A callable can be passed not only to a function, but also to a constructor, which can store the callable as a member field, as, e.g., the standard priority queue (type std::priority_queue) does. Here’s an example, which we’ll be modifying later:

#include <iostream>
#include <queue>

using namespace std;

int
main(void)
{
  priority_queue<int> q;

  q.push(2);
  q.push(1);
  q.push(3);

  while(!q.empty())
    {
      cout << q.top() << endl;
      q.pop();
    }
  
  return 0;
}

Callable types

A callable is either:

A pointer to a function

An expression that is only the name of a function, e.g., foo, (without the () operator) is treated as the address of that function. We can also take the address of a function by preceeding the name of the function with the & operator, e.g., &foo. These ways of taking a function address are equivalent, which is inconsistent, because there should be just one way.
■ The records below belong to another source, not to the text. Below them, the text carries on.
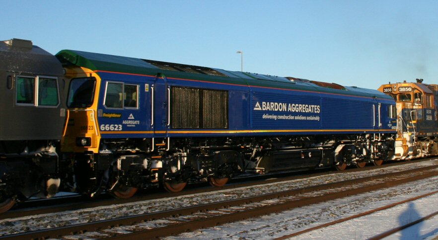 | This brand new Freightliner JT42CWR "Class 66" locomotive is painted in a special paint scheme that was only applied to this one unit. This photo was published in the March 2007 issue of "The Railway Magazine", the first published photo of this unit. This engine was built in London, ON for export to Great Britain, and I caught enroute to Halifax. | |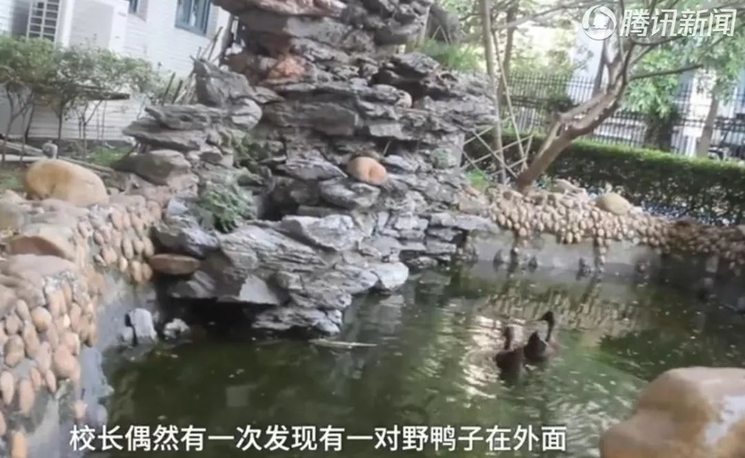 袁卫星告诉记者,第一实验学校有开展生命教育的传统,校园里原先也有兔子、乌龟等动物,又考虑到很多学生在城市长大,可能没见过鸭子,开学后袁卫星将两只鸭子带到学校,在校园鱼池养起来。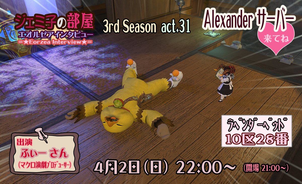 FF14のユーザーイベントを扱っております。 チョコボサーバーにて「星占いの館」を運営。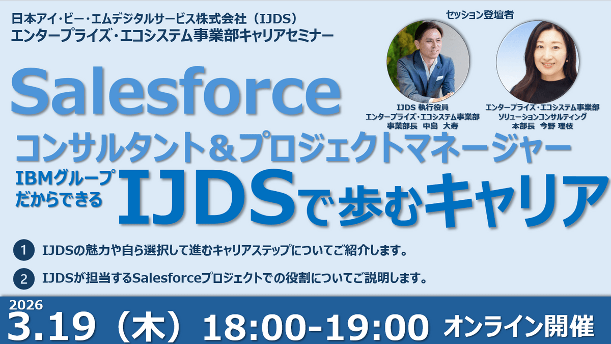 【3/19開催キャリアセミナー】IBMグループ だからできるIJDSで歩むキャリア「Salesforce コンサルタント&プロジェクトマネージャー」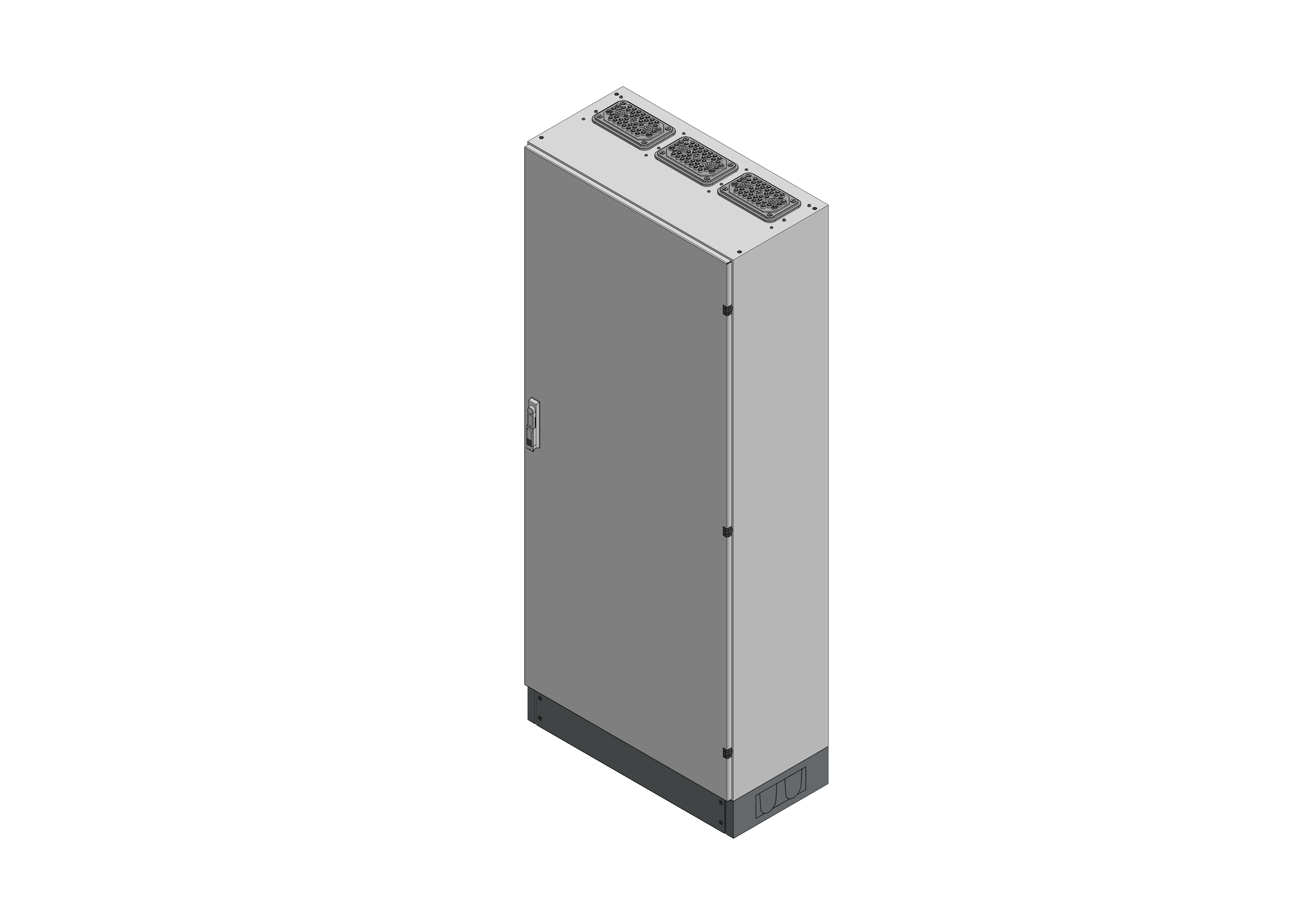 SVK3-12-400Standverteilung, SVK, BxHxT = 820x1870+130x400Schutzklasse II, IP54, RAL 7035Bestehend aus:Gehäuse, Sockel, Einzeltür mit Schwenkhebel für PHZ, Flansche SF35 (oben) und SF32 (unten), komplettem Geräteträger mit Feldabdeckungen PRL, Wandhalterung, inkl. Verpackung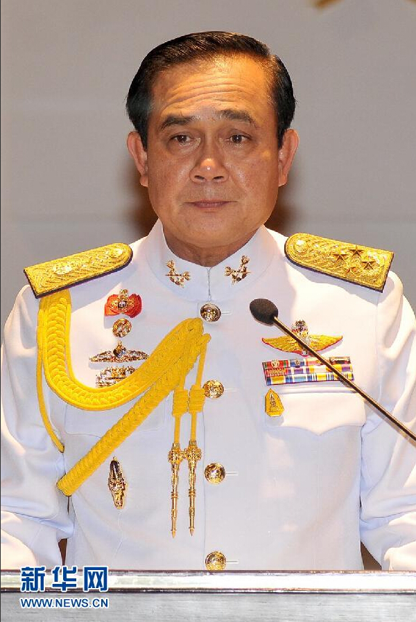 5月26日,在泰国曼谷,泰国陆军司令巴育出席新闻发布会。泰国陆军司令巴育26日接受国王谕令,出任“全国维持和平秩序委员会”(维和委员会)主席。巴育随后承诺国家将产生过渡总理,但拒绝透露具体时间。新华社发(拉亨摄)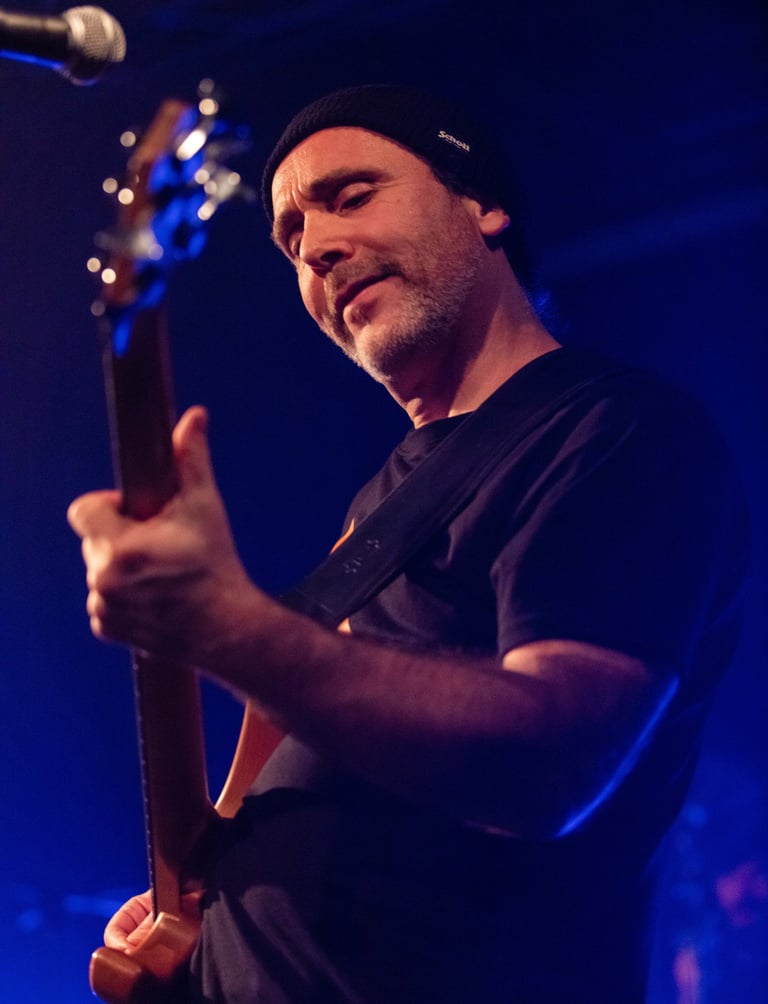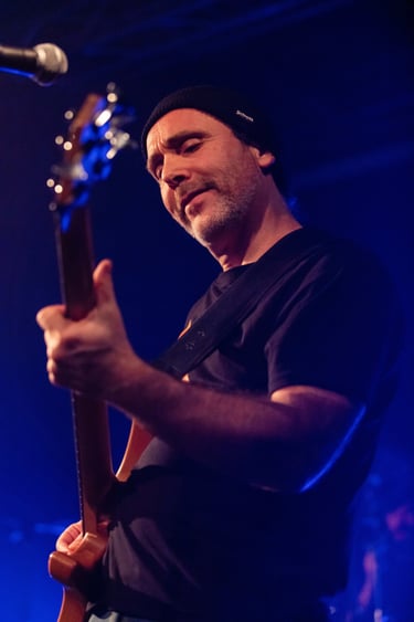 Dans chacune de ses performances, Laurent se distingue par son jeu de basse solide et sa présence scénique affirmée. Il sait créer des lignes de basse puissantes qui forment l'épine dorsale de chaque morceau du groupe. À travers son jeu, il ancre le son de The LOGGERS dans des rythmes profonds, apportant une stabilité et une cohésion indéniables.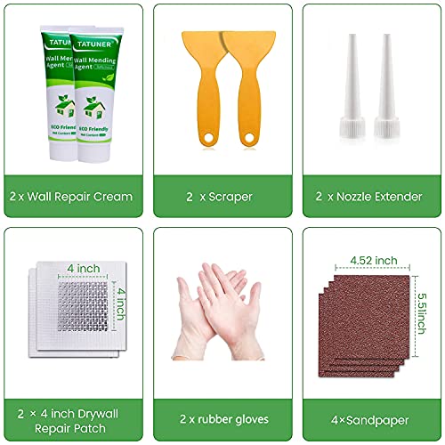 TATUNER Wall Mending Agent Cream,Stucco per Muro Bianco Pronto,Stucco in Pasta per il Riempimento di Grossi Fori e Buchi nel Muro, Piccole/Medie Riparazioni in Interno sia su Muro che su legno.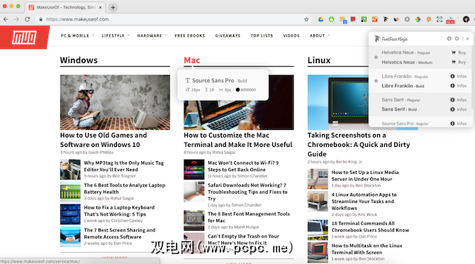 FontFace Ninja是一个Chrome扩展程序,可以帮助您做到这一点。就像从图像中查找字体的工具一样,它可以帮助您识别在线看到的字体。唯一的区别是FontFace Ninja读取编码到页面CSS中的字体,例如标题和正文文本的字体。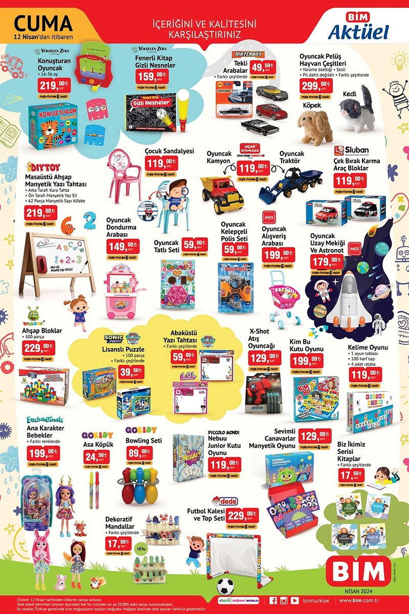 BİM, 18 Nisan aktüel ürünler kataloğunda yer alacak ürünlerin tam listesini yayınladı. 19 Nisan 2024 tarihine kadar geçerli olacak indirim kampanyası kapsamında Senna 43" Frameless Full HD Google TV 6.899 TL, HP Victus FA0008NT Laptop 27.999 TL, Tek Kapaklı 5 Raflı Çok Amaçlı Dolap 1.099 TL, Heifer Şarjlı Süpürge 1.199 TL, Erinöz 3 Kişilik Gölgelikli Luka Salıncak 7.999 TL, Katlanır Kamp Sandalyesi 249 TL, Katlanır Kamp Sandalyesi 229 TL, Hisar Düdüklü Tencere 649 TL, Benante Çerezlik Seti 179 TL, Emsan Standlı Baharat Seti 3'lü 379 TL, Chef's Sütlük 14 cm 119 TL fiyatlarla satışa sunuluyor. İşte BİM haftanın indirim afişi…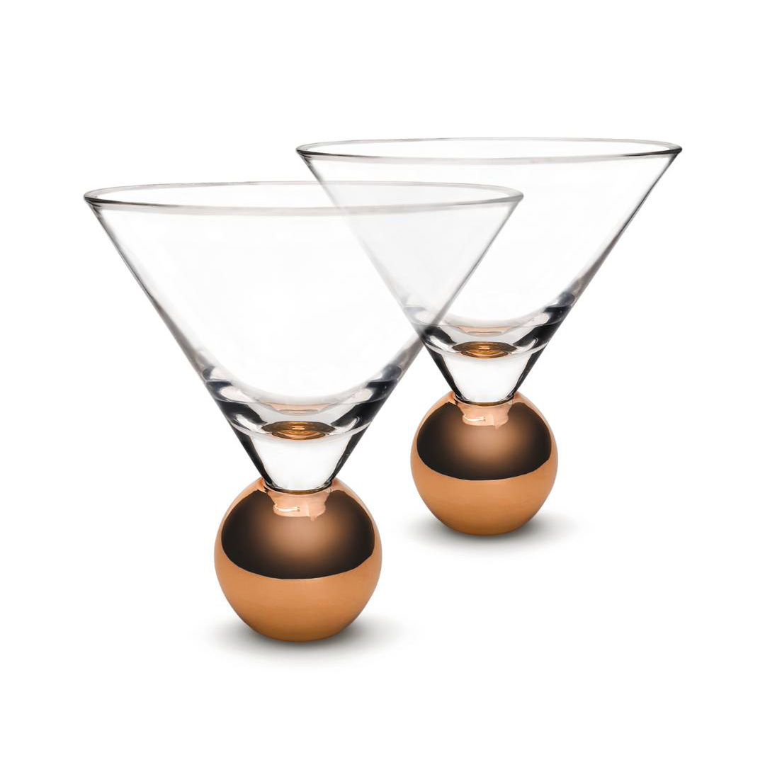 Shaken or stirred? Either way, these stunning stemless martini glasses will do the heavy lifting when it comes to impressing your guests. The copper sphere bases aren’t just beautiful – they’re a clever twist that gives these glasses their distinctive character.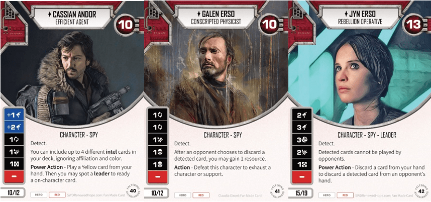 I feel like these guys are the main focus of the set. Each of these guys carries the new keyword, Detect, and the new subtype, Spy. Thematically you can pair Jyn with either Cassian or Galan both elite with the plot Intelligence Operation.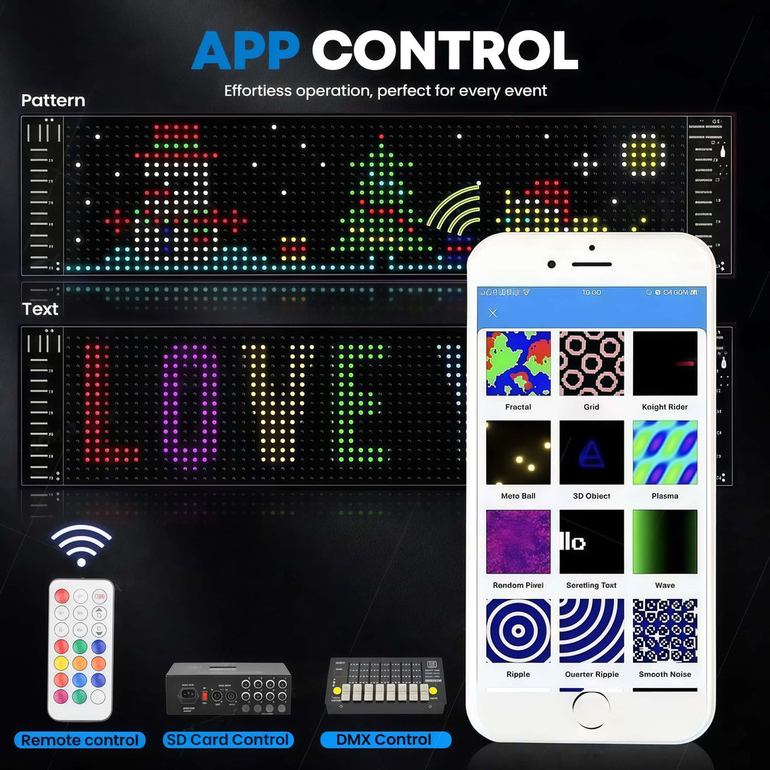 Control methods include WIFI, SD, and DMX control, wireless remote control, PC control, MADRIX software control, and tablet control, easy to use and set up.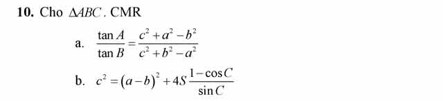 9. Tính góc A của ΔABC có các cạnh a, b, c thỏa hệ thức b(b2 - a2) = c(a2 - c2)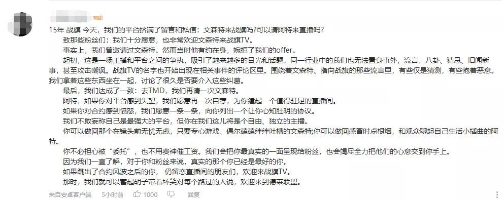 文森特也透露其实并不是本意上想离开,而是战旗准备转型了,主播都已经解约了。(这个可以参考龙珠直播转型,旭旭宝宝离开)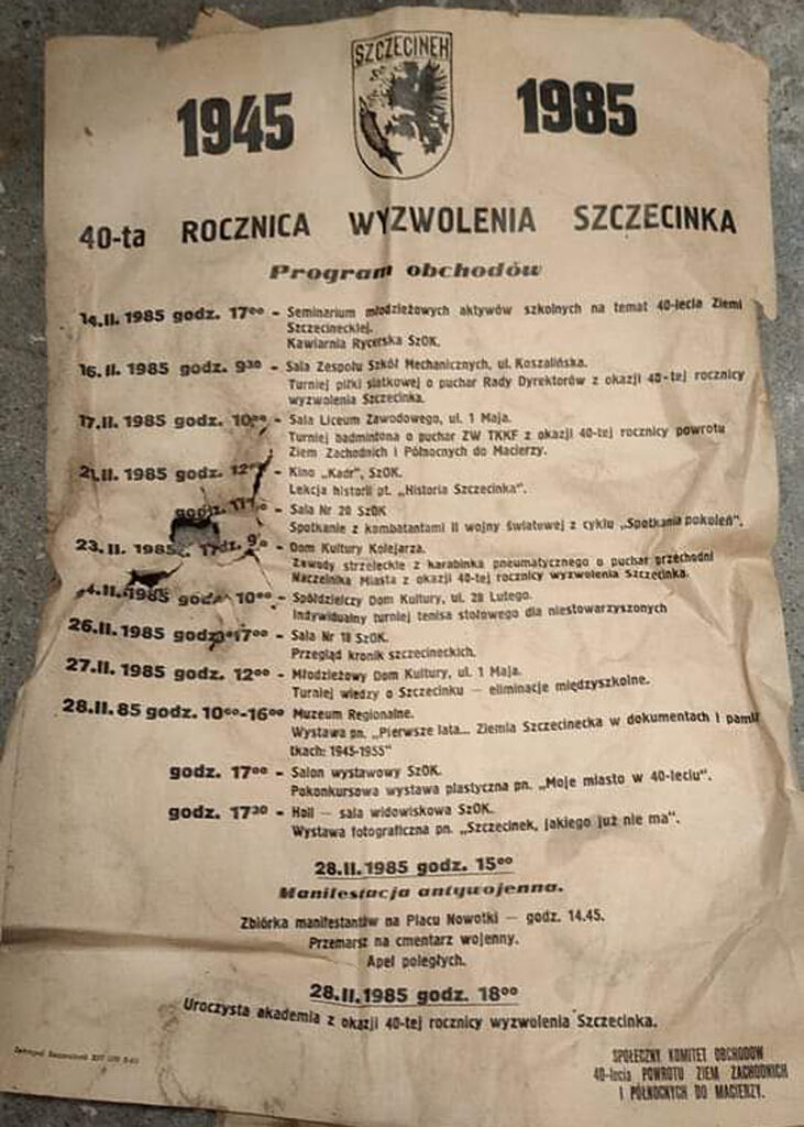 Jak dawniej obchodzono rocznicę wyzwolenia Szczecinka? Uroczyście, jak np. w 1985 roku. Z resztek zachowanego do dziś plakatu możemy się dowiedzieć, że doniosłe obchody rozpoczęły się już 14 lutego seminarium młodzieżowych aktywów szkolnych. Impreza odbyła się w Kawiarni Rycerskiej Szczecineckiego Ośrodka Kultury.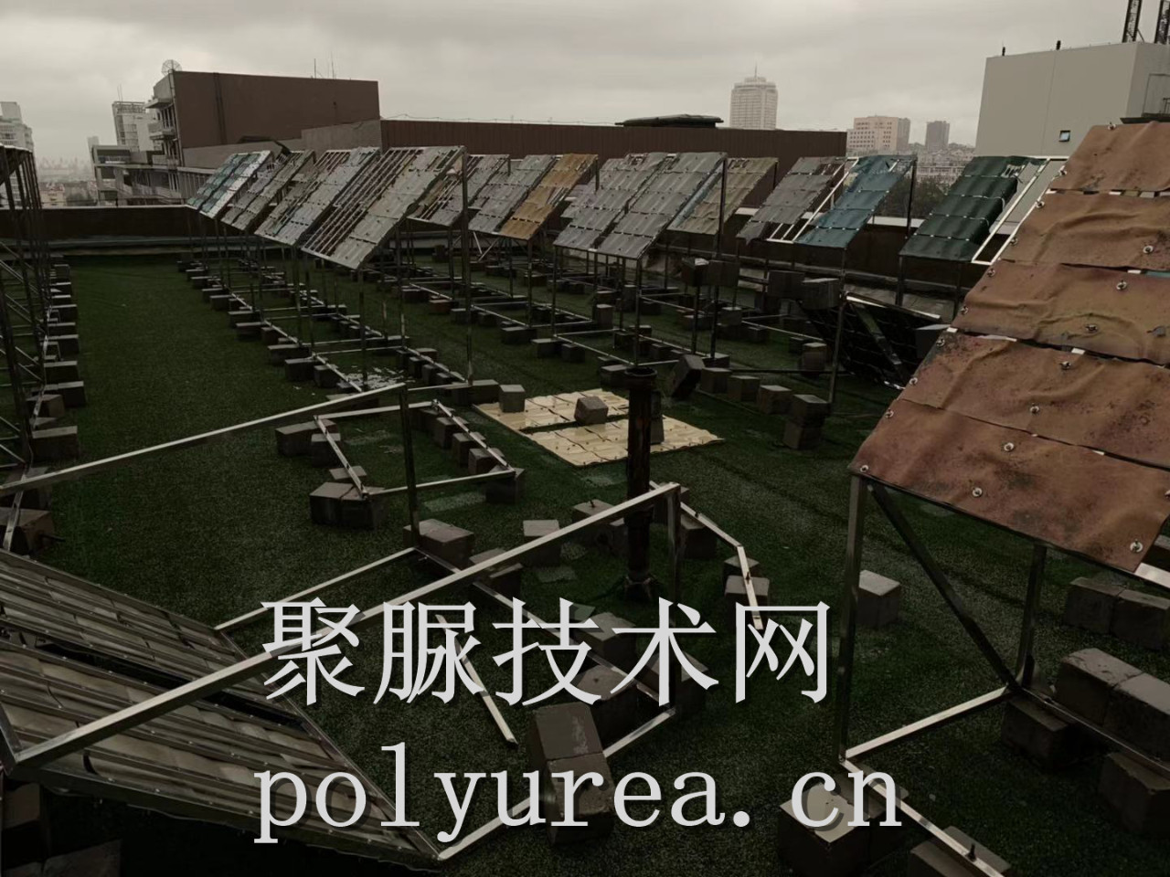 青島理工大學2#實驗樓沒有電梯,他就親自動手帶領(lǐng)研究生將上千塊的混凝土壓塊搬運至五樓樓頂,總計超過5000公斤;設(shè)計、建造適合噴涂聚脲材料布放的不銹鋼架;噴涂大量純聚脲、半聚脲試驗樣品。通過近十年的觀察、測試、研究,證明:1、純聚脲能夠保持原值85%以上的力學性能,2、半聚脲的力學性能僅維持在初期的2—3年,之后,性能急劇下降,并迅速降解為廢渣。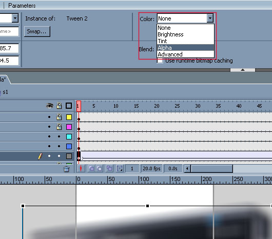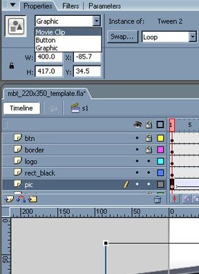 Переходим на первый фрейм этого MotionTween-а. Дальше нам нужно будет не только задать прозрачность, но и применить фильтр. Фильтры применяются только к MC, а процедура "умоушнтвинивания" сделала нам из "Навигатора" - graphics. Исправляем положение: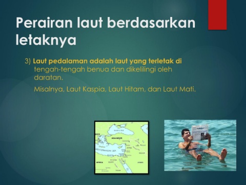 Perairan laut berdasarkan letaknya 3) Laut pedalaman adalah laut yang terletak di tengah-tengah benua dan dikelilingi oleh daratan. Misalnya, Laut Kaspia, Laut Hitam, dan Laut Mati.

Having this address, we can call the function. The only operations we can do with a function pointer is: take a function address, call the function.

#include <iostream>

bool
foo(const int &a, const int &b)
{
  std::cout << "foo: a = " << a << ", b = " << b << '\n';
  return true;
}

int
main()
{
  // I don't like the pointer-to-function C syntax.
  bool (*f2a)(const int &, const int &) = foo;
  bool (*f2b)(const int &, const int &) = &foo;
  f2a(10, 20);
  (*f2a)(10, 20);
  f2b(10, 20);
  (*f2b)(10, 20);

  // That's better.
  using foo_type = bool(const int &a, const int &b);
  foo_type *f3a = foo;
  foo_type *f3b = &foo;
  f3a(10, 20);
  (*f3a)(10, 20);
  f3b(10, 20);
  (*f3b)(10, 20);
}

Here we sort descendingly by passing a callable, which is a function pointer:

#include <algorithm>
#include <iostream>
#include <vector>

using namespace std;

bool
cmp(const int &a, const int &b)
{
  return a > b;
}

int
main()
{
  vector v{3, 1, 2};
  sort(v.begin(), v.end(), cmp);
  for(const auto &e: v)
    cout << e << endl;
}

In the example below, we pass a pointer to a comparison function.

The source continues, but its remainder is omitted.